Wednesday, July 20, 2011

The Victorian Flavor Bible

The other day my mother surprised Timothy, my twenty year old culinary arts student, with a copy of The Flavor Bible: The Essential Guide to Culinary Creativity, Based on the Wisdom of America's Most Imaginative Chefs by Karen Page and Andrew Dornenburg.

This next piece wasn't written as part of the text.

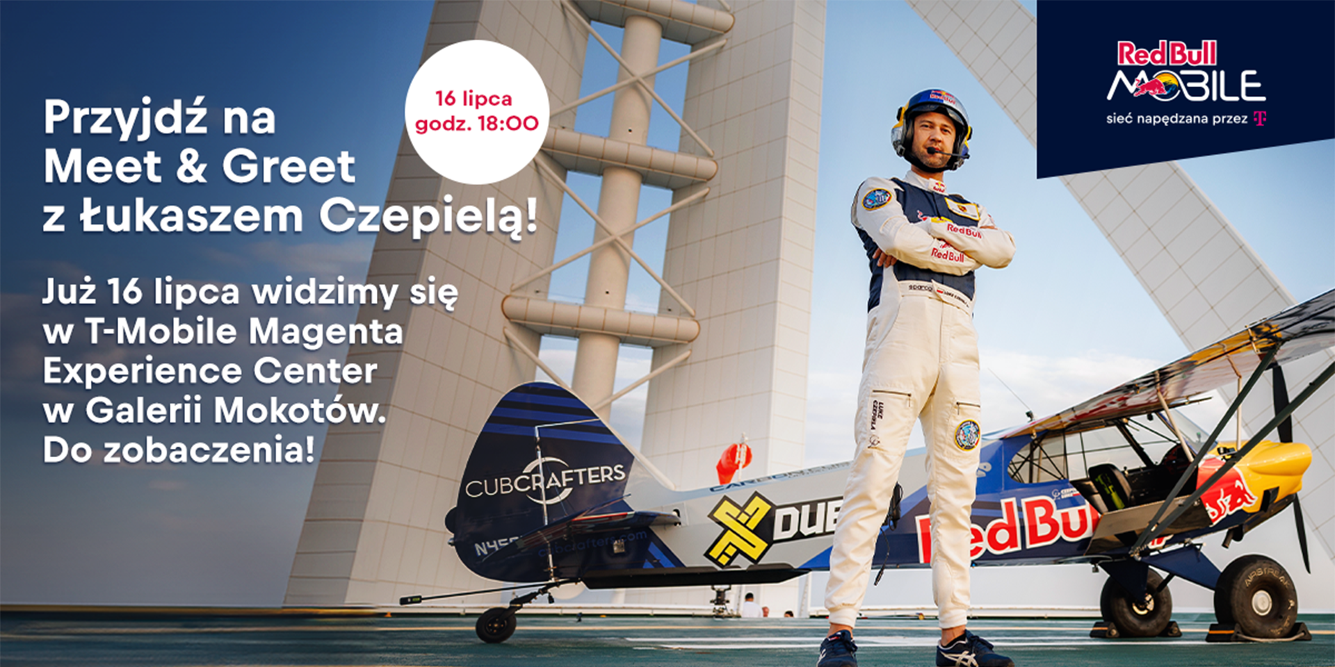 Jak to jest lądować na szczycie wieżowca w Dubaju? Lub na deskach sopockiego molo? O to wszystko zapytać będzie można Łukasza Czepielę – pilota akrobacyjnego i czterokrotnego mistrza świata Klasy Challenger, a teraz także ambasadora marki Red Bull MOBILE. Na najbardziej odlotowe spotkanie w Warszawie zapraszamy już we wtorek na godz. 18:00 do Magenta Experience Center. W T-Mobile uwielbiamy zaskakiwać i dostarczać niezapomnianych emocji, dlatego w ramach promocji naszej oferty Red Bull MOBILE organizujemy spotkanie otwarte dla wszystkich z człowiekiem nie z tej ziemi! Łukasz Czepiela to utalentowany pilot akrobacyjny i wyścigowy, który ma na swoim koncie nie tylko liczne tytuły mistrzowskie, ale też absolutnie szalone wyczyny, jak choćby lądowanie na dachu 320-metrowego wieżowca w Dubaju – Burdż al-Arab – jednym z najwyższych budynków w mieście. A teraz do listy tytułów, którymi Łukasz może się pochwalić dołącza kolejny: ambasadora Red Bull MOBILE! Z tej okazji w T-Mobile Magenta Experience Center w warszawskiej Westfield Mokotów (d. Galeria Mokotów) przy ul Wołoskiej 12, już w najbliższy wtorek (16 lipca) o 18:00 rozpocznie się spotkanie Meet&Greet z Łukaszem, podczas którego każdy będzie miał okazję porozmawiać z mistrzem, poznać tajniki przygotowań do lotów wyścigowych czy najbardziej spektakularnych lądowań.
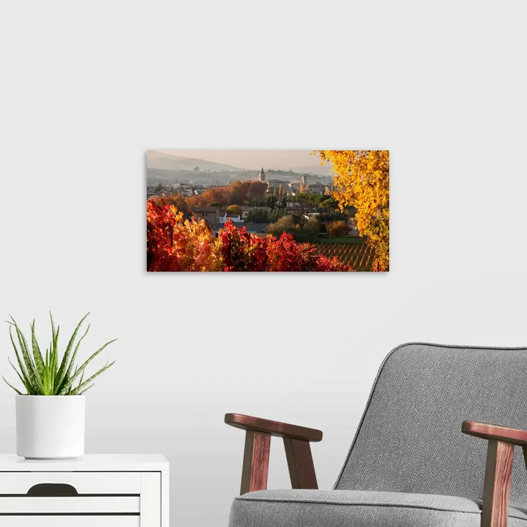 Italy, Umbria, Sagrantino Wine Road, Bevagna, Town And Sagrantino Vineyards

As Timothy flipped through the book and showed me its complemetary food combinations, I wondered how the Victorians paired certain foods. So I checked my 1860 copy of Miss Beecher’s domestic receiptbook: designed as a supplement to her Treatise on domestic economy and found the following suggestions:

*  mutton with turnips

*  geese and ducks with onions

*  boiled poultry with boiled ham or tongue

*  jelly with mutton, venison, roasted meats, and gravy used in hashes

*  fresh pork with cranberry or tart apple sauce

*  drawn butter and eggs with boiled fowls and boiled fish

*  pickles with fish

*  soy sauce and drawn butter with fish

And for garnishes:

*  sweetbreads, fried brown in lard

*  eggs (boiled or fried) on broiled ham or veal

*  lay greens and asparagus, well drained, on buttered toast. Surround with hard-boiled egg slices

*  hash, as well as pig's and calves's head and feet on toast. Garnish with lemon slices.